西暦1685年江戸時代の日本に生まれ石門心学(せきもんしんがく)と呼ばれる学問を開いた人物。(石田派の心の学の意味)江戸時代全体を通じてもっとも代表的な思想家とも言われます。心学塾は明治時代前半まで全国に存在しました。「勤勉と倹約」という町人哲学を生み出し、現代の日本人にも強い影響を残す人物です。農家の次男として、京都府亀岡市に生まれ11歳より商家に奉公に出て、43歳の頃には商家の番頭にまで出世していました。45歳の梅岩はある日「われ辻立ちしてもこの道を説かん」と街頭演説を始めました。
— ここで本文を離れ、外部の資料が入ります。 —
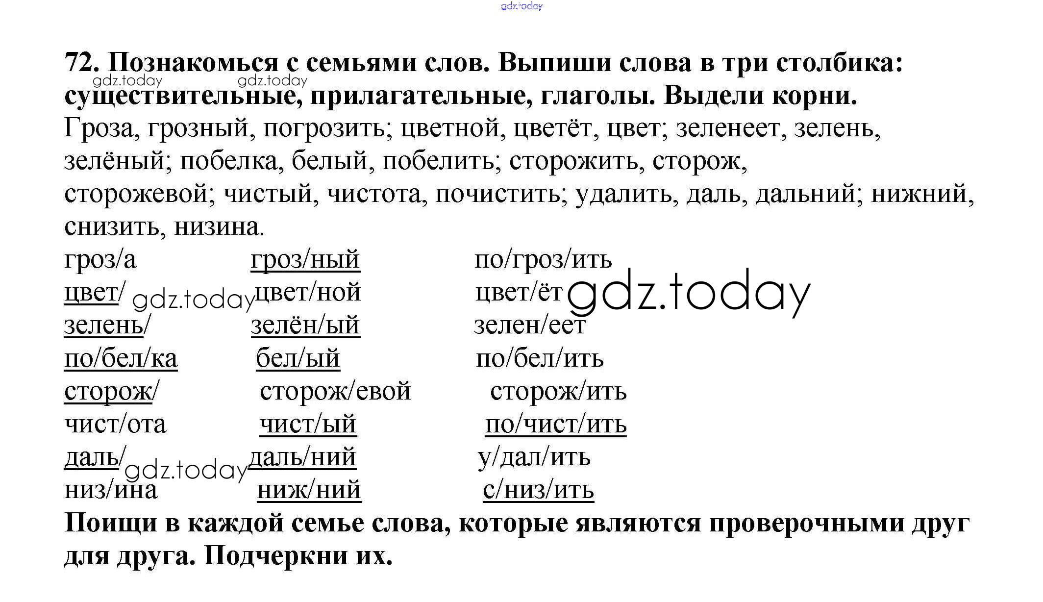 На страницах сайта gdz.today вы найдете учебный и вспомогательный материал, направленный на улучшения знаний школьной программы. ГДЗ - онлайн мир знаний Упражнения Решение к части 3 72 Учебнику по Русскому языку для 3 класса Каленчук, Чуракова Академкнига Перспективная начальная школа 2014
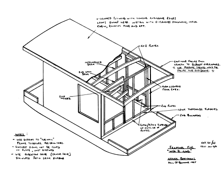 “Lisa B. Good” is the result of a discussion on the Yahoo Shantyboat Group. The design turned out to be an economy sized Shantyboat, about the minimum size that offers stand-up headroom, decent deck space, and long-weekend accommodations for a couple. I got thinking about the boat’s overall length today. I’d build her 16 foot as drawn. That length is handy, because you can easily get lumber that long. But there’s no reason why you couldn’t splice the longitudinals and facias to add a few feet to the middle of the boat, if you needed more room. Just keep the ends the same and take the extra length for the cabin or the decks as you want. Lisa B. is a very simple boat, and construction will be particularly straightforward; should be a quick build. There are only two curves on the boat, the bottom of the hull, and the crown in the cabin roof. The wood is all construction grade lumber and plywood. Use is made of epoxy and glass, but just enough to ensure long life without rot or excessive maintenance.

その日は大根を片手に持った農夫がただ1人話を聞いているだけだったと言います。
石門心学 (せきもんしんがく)
商家で働きながら独学して塾を開いた梅岩に対して、世間は批判をあびせました。そうした批判に対して梅岩は「学問とは文字を知る事ではなくて、心を知る事である、世間の学者は「文字の芸者」であって、いにしえの賢人の心を知らない」と応じたそうです。世間の学者は長い間勉強して多くの文字を知っていても、書物の心を悟らないので、親には不孝で他人との交際は悪く、不義のことが多いのです。それにもかかわらず、文字さえ読めれば徳があると思って、世間では混同しています。間違ってはいけません、と梅岩は語ります。(都鄙問答)
我が教ゆる所は、商人に商人の道あることを教ゆるなり
利益を貪るという理由で、商人は江戸時代・士農工商の四つの身分の中で、最下位の身分とされたのですが、その職業に社会的意義を見出したのは画期的であり、梅岩ならではの哲学なのです。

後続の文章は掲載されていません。